Dada a valorização da estética e das relações presentes no pensamento pedagógico de Malaguzzi, a arquitetura e o ambiente da escola são também aspectos de grande importância. Para ele, a escolha das cores, luzes, mobiliários e espaços vazios deveria ser uma opção consciente, pois o espaço é mais um educador (HOYUELLOS, 2006). Ao entrar em uma escola, tudo comunica as escolhas e concepções presentes – de criança, de educação, de professor, enfim, a cultura do local. Além disso, deve-se ter em mente as possibilidades físicas e afetivas que o espaço proporciona (VECCHI, 2009). A habitabilidade do lugar define, conforme Malaguzzi, a qualidade do trabalho do professor e a qualidade de vida das crianças.
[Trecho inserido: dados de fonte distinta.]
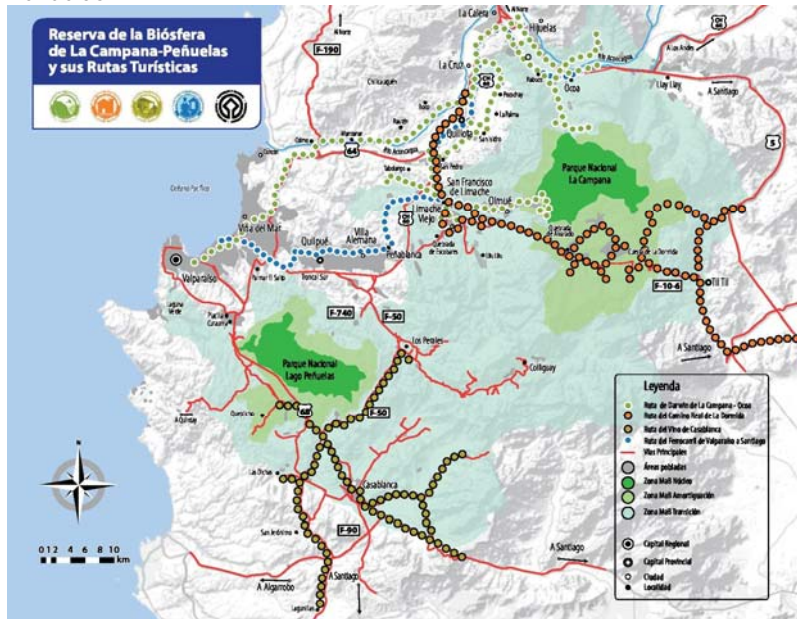
Figura 3 Rutas turísticas propuestas en el Destino Reserva La Campana-Peñuelas
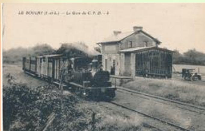
Gare de Le Boulay
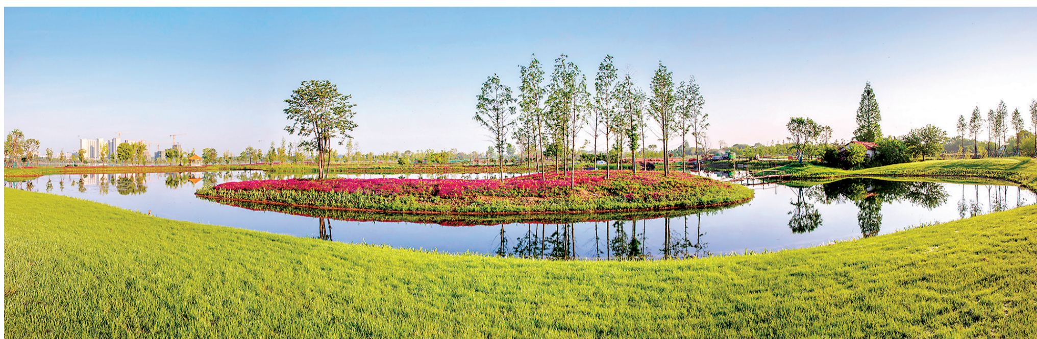
杜公湖国家湿地公园。
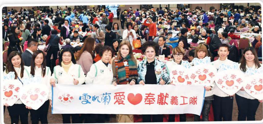
▲ 劉主席和陳副主席與雪肌蘭愛心奉獻義工隊出席新春活動，與千名長者歡度佳節。

計劃推行以來，劉主席和陳副主席均從不間斷、身體力行支持活動，並帶領「雪肌蘭愛心奉獻義工隊」一齊參與探訪，讓長者感受社區溫暖。日前出席「關懷長者心閉幕禮暨敬老賀新春」，與逾千名長者一齊食春茗，場內充滿節日歡欣，喜氣洋洋，劉主席和陳副主席更向各位長者拜年，祝大家健康！令長者感受到節日祝福及社區溫暖。
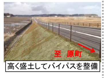
高く盛土してバイパスを整備
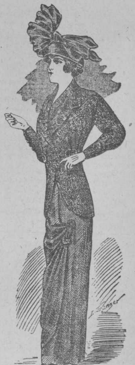
Traje Chaqueta. Eolienne brochado; falda Eolienne lisa, adornos pasamanería. Chaqueta forrada seda, colores moda.

La expresión más selecta en trajes, abrigos, salidas de teatro, chaquetas, sombreros y trajes de soiree pueden verse en brillante exposición en los GRANDES ALMACENES de "LA FILOSOFIA" que es la única casa que en el presente invierno ha recibido las últimas novedades de París. LIZAMA, DIAZ Y COMPAÑIA.
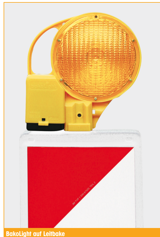
BakoLight auf Leitbake

12 Leuchten in einem Karton / 216 Leuchten auf einer Palette auch in anderen Stückzahlen lieferbar
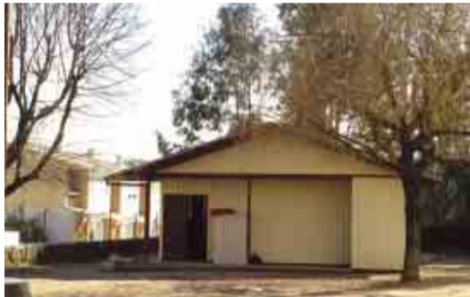
ANTAS Cantina na Escola Básica de S. Cláudio
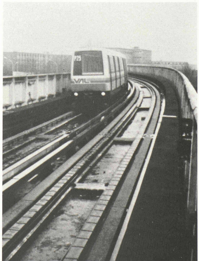
Remède coûteux : le VAL de Lille.
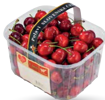
ČEŠNJE RADI IMAMO DOMAČE cena za kg
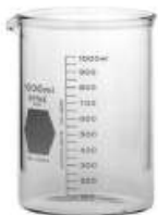
Vaso de Precipitado
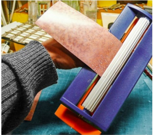
Eine solche Prägerolle gibt es im Bastelbedarf. Gut geeignet für Wellblech.
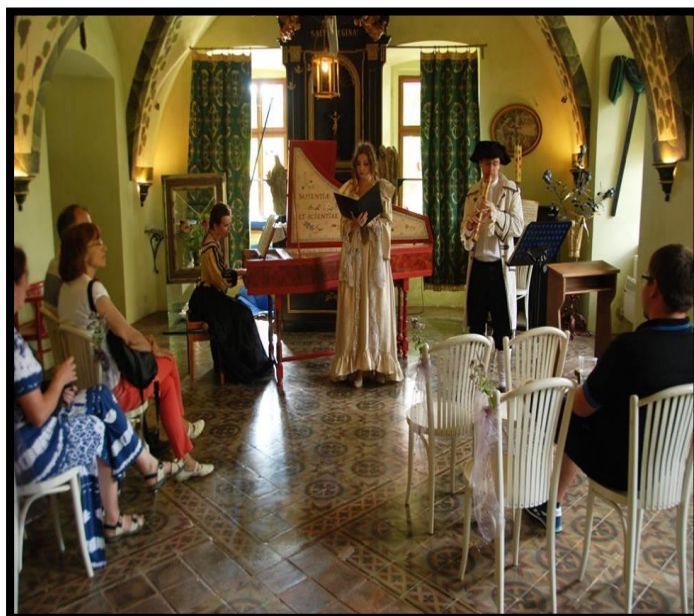
Obr. 7 – Koncert barokní hudby (Vejprnice)
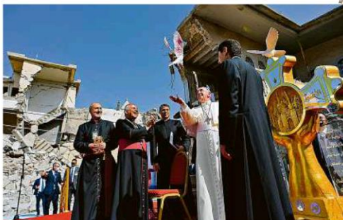
O Papa Francisco encerrou visita ao Iraque com missas em ruínas de igrejas cristãs destruídas em Mossul e Irbil. Ele rezou pelas vítimas do Estado Islâmico, expulso há três anos: "Não ao terrorismo e à instrumentalização da religião". PÁGINA 24
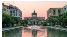
MERIDIANO | Jalisco

Con 24 categorías que abarcan gastronomía, turismo cultural, hospedaje, aventura, bienestar y personalidades del sector, los galardones surgen del voto abierto de las audiencias de México Desconocido
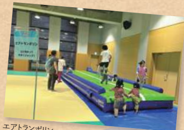
エアトランポリン
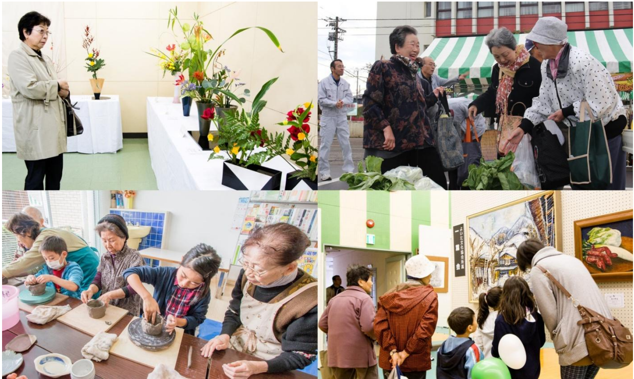
日ごろ生涯学習として活動している団体や個人の力作の展示や新鮮な地元産野菜の即売、陶芸体験など、多彩な催しを楽しむ来場者。(陶芸体験コーナーの作品は「志保の里荘」で焼かれ、12月中旬に引き渡されます。)

多くの人から与板の秋を満喫してもらおうと、二つの恒例行事を組み合わせた「与板いきいき文化フェスティバル」が開催されました。
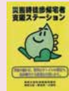
その他（ガソリンスタンド）
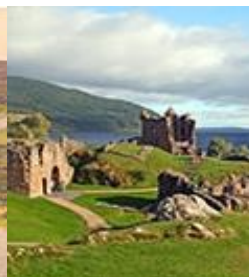
尼斯湖岸边的城堡
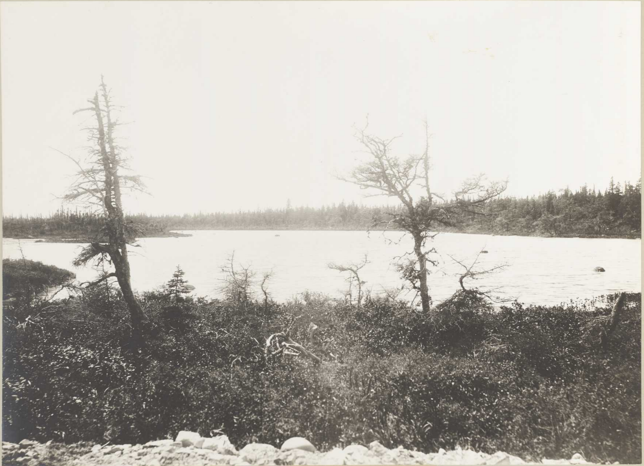
LAC DU PARC AUX RENARDS (Anticosti)

Por fim, devemos destacar o papel da escuta na pedagogia proposta por Malaguzzi. A concepção de uma criança capaz de criar significados às suas experiências, a documentação como estratégia para melhor compreender as crianças e o trabalho com projetos levaram à criação do que ele chamou de uma pedagogia da escuta. Ela se revela na postura do professor ao estar disposto e atento a ouvir o que as crianças têm a dizer por meio das diferentes linguagens, fazendo uso de diferentes instrumentos, para que seja possível uma constante reflexão dos caminhos pedagógicos escolhidos. A escuta atenta e acolhedora dos professores possibilita dar voz às crianças, seus pensamentos e relações estabelecidas por meio da documentação.